BigQuery is deceptively easy to start using and surprisingly hard to use well. A team that provisions BigQuery and starts running queries without understanding its storage and execution model can generate five-figure monthly bills for work that should cost hundreds of dollars. This guide covers the practices that separate well-run BigQuery environments from expensive, slow ones.

Partitioning: The Most Important Design Decision

Partitioning is the single highest-impact optimisation in BigQuery. On-demand pricing charges for bytes scanned — a query that scans a 10TB table costs roughly $62.50 regardless of how many rows it returns. Partitioning eliminates entire date ranges from the scan when queries filter on the partition column.

**Partition by the column you filter on most.** For event tables, this is almost always the event timestamp. For slowly changing dimension tables, it may be a snapshot date. For a transactions table, it is typically transaction_date or created_at.

**Use DAY partitioning for most tables.** HOUR partitioning is appropriate for tables with very high ingestion rates (billions of rows per day) where you need intra-day query precision. MONTH or YEAR partitioning is appropriate for tables with low write frequency but very long retention.

**Require partition filters.** BigQuery allows setting require_partition_filter on a table, which forces queries to include a filter on the partition column or fail. This prevents accidental full-table scans from queries that forget date filters:

ALTER TABLE dataset.events

SET OPTIONS (require_partition_filter = true);

The most common BigQuery cost accident is a scheduled query or BI tool query that works correctly but silently scans the full unpartitioned table on every execution. Require partition filters surface these queries as errors rather than silent cost generators.

**Partition pruning requires direct column filters.** A filter WHERE DATE(event_time) = '2024-01-01' does not prune on a TIMESTAMP partition column — it requires evaluating the expression for every row. Use WHERE event_time BETWEEN '2024-01-01' AND '2024-01-02' instead.
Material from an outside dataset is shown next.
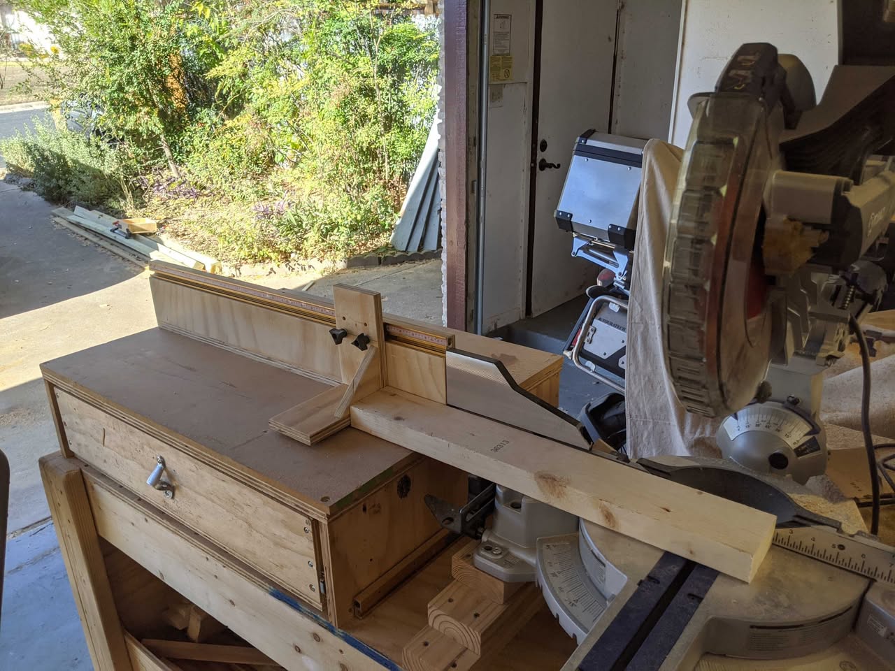 And a miter saw fence extension with a ruler and a stop.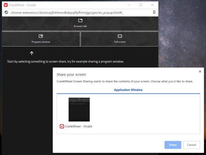 CrankWheel is another Chrome add-on that lets you remotely share your display. One thing that sets CrankWheel apart is that it’s extremely lightweight. Setup takes seconds.

Similarly, WHERE event_time = CURRENT_DATE() works; WHERE DATE(event_time) = CURRENT_DATE() does not prune.

Clustering: The Second Design Decision

Clustering co-locates rows with similar column values within each partition, allowing BigQuery to skip column blocks that do not match query filters. It is complementary to partitioning — partitioning eliminates entire date partitions; clustering eliminates blocks within partitions.

Choose clustering columns based on the columns most commonly used in WHERE, GROUP BY, and JOIN clauses after the partition filter. Typical choices: customer_id, region, product_category, event_type.

BigQuery supports up to four clustering columns, applied in order. The first clustering column provides the most benefit; each subsequent column provides progressively less. Cluster on the most selective filter column first.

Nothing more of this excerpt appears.